我的项目中的任务之一是加载数据集(chars74k)并为每个图像设置标签。在这个实现中,我已经有一个包含其他图像的矩阵和一个带有各自标签的列表。为了做任务,我写了下面的代码:Python - 加载多个图像的更快方法?

#images: (input/output)matrix of images 
#labels: (input/output)list of labels 
#path: (input)path to my root folder of images. It is like this: 
# path 
# |-folder1 
# |-folder2 
# |-folder3 
# |-... 
# |-lastFolder 

def loadChars74k(images, labels, path): 
    # list of directories 
    dirlist = [ item for item in os.listdir(path) if os.path.isdir(os.path.join(path, item)) ] 

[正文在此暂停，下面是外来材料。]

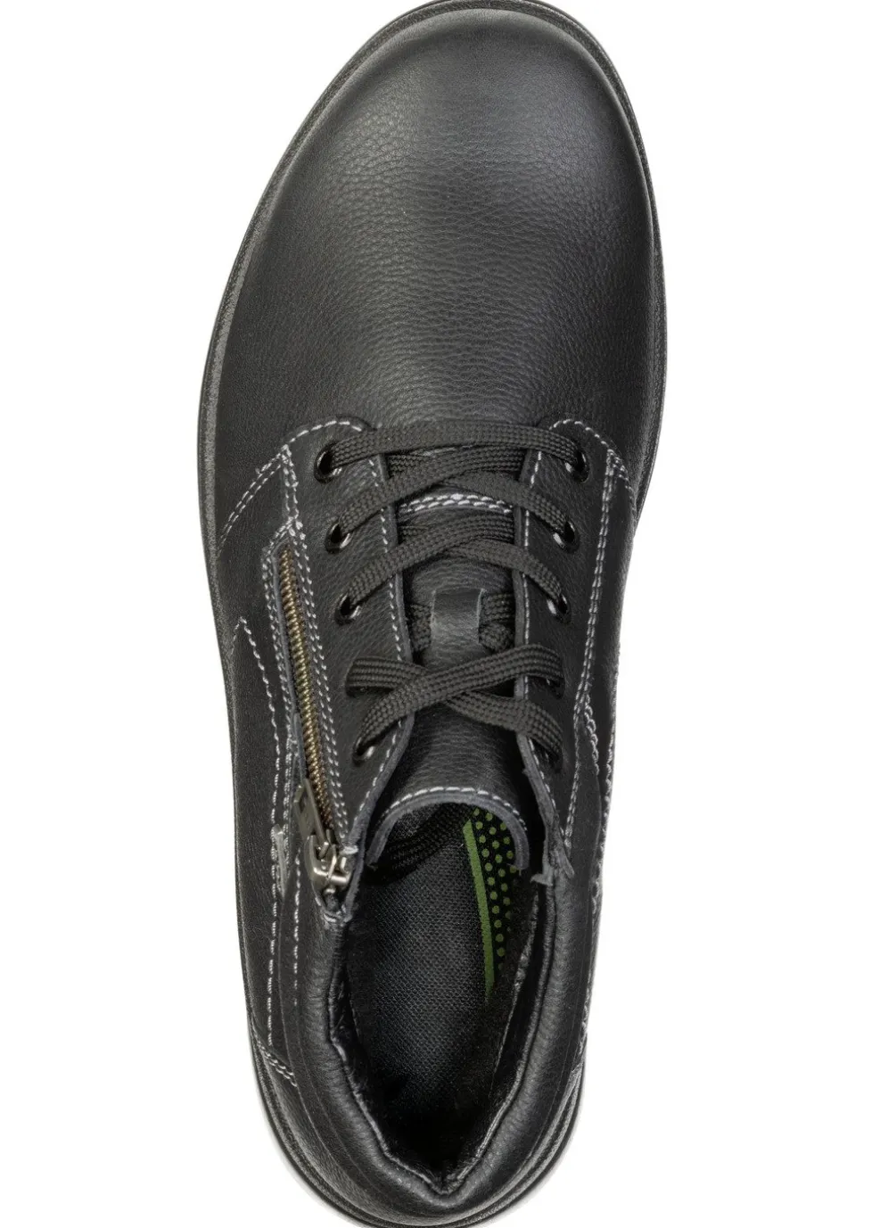 Schwarze Boots von GINO GALANTE, aus genarbtem Rind-Nappaleder, mit Klimamembrane ausgestattet: Weite H, Schnürung und Seitenreißverschluss, Warmfutter aus 100% Polyester, leichte PUR-Luftpolster-Profilsohle. Schafthöhe ca. 10 cm
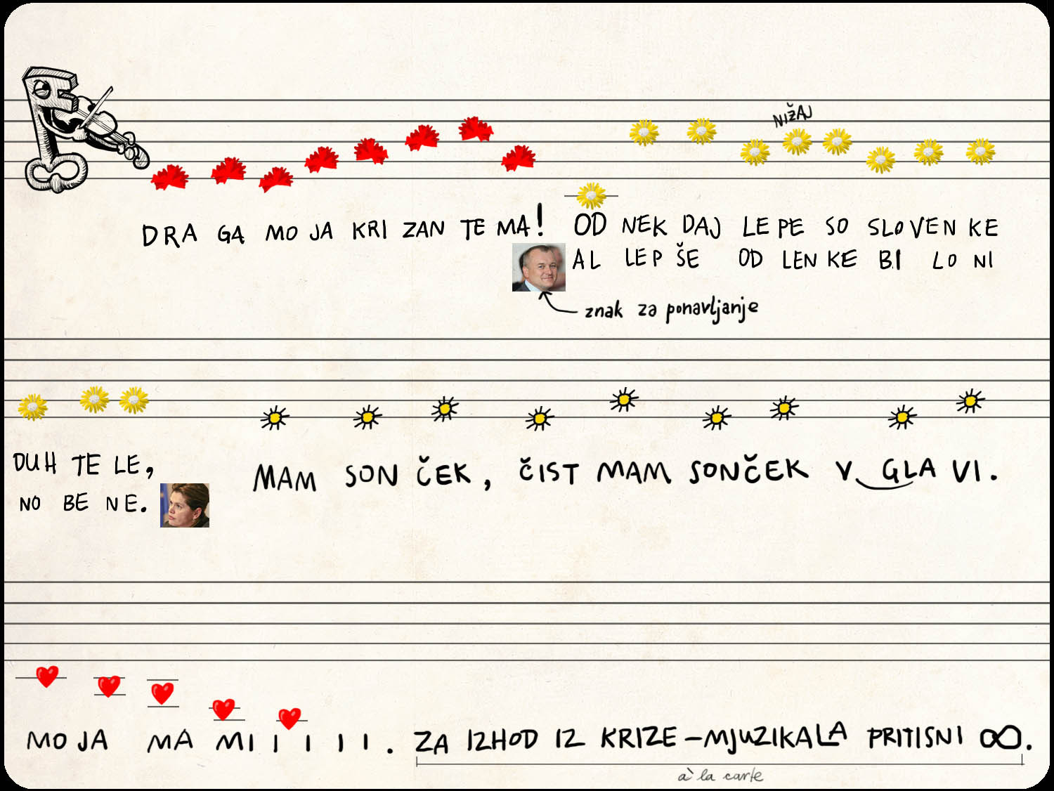Risanka 8. 3. 2013 – 12.00 Rok Kušlan Ne žena, ne mater, ne bab ... pesem žensk naj se razlega prek sveta! Audio file Predvajaj (1:07:14) Vir: Lastni vir JUBILEJNI 3. M U Z I K A L (tudi 182. RISANKA) RADIA ŠTUDENT Praznujmo! Vodite zlate prste gospe profesor po klavirju Muzikala Radia Študent! Oglejte si tudi, kaj smo počeli v preteklih 181 oddajah! Dodaj komentar Komentiraj Ime Comment Leave this field blank Z objavo komentarja potrjujete, da se strinjate s pravili komentiranja.

    # for each subfolder, open all files, append to list of images x and set path as label in y 
    for subfolder in dirlist: 
     imagePath = glob.glob(path + '/' + subfolder +'/*.Bmp') 
     print "folder ", subfolder, " has ",len(imagePath), " images and matrix of images is:", images.shape, "labels are:", len(labels) 
     for i in range(len(imagePath)): 
      anImage = numpy.array(Image.open(imagePath[i]).convert('L'), 'f').ravel() 
      images = numpy.vstack((images,anImage)) 
      labels.append(subfolder) 

它工作正常,但它花费的时间太长(约20分钟)。我想知道是否有更快的方式来加载图像并设置标签。

问候。

+1

我猜测,大部分处理时间都在'Image.open(...)'上。你真的需要把所有的东西放在记忆里吗?也许只需要参考图像路径并在必要时读取文件? –

+0

另外,你为什么在范围内(len(imagePath)):'imagePath [i]'?不要遍历列表的索引,然后索引该列表:仅循环列表本身。 –

+0

好吧,我想我正在循环和打开所有图像加载到一个numpy.array,然后将图像附加到'图像'。这有什么不对? – Claudio

回答

-1

经过一番研究,我能改善这样的代码:

def loadChars74k(images, labels, path): 
    # list of directories 
    dirlist = [ item for item in os.listdir(path) if os.path.isdir(os.path.join(path, item)) ] 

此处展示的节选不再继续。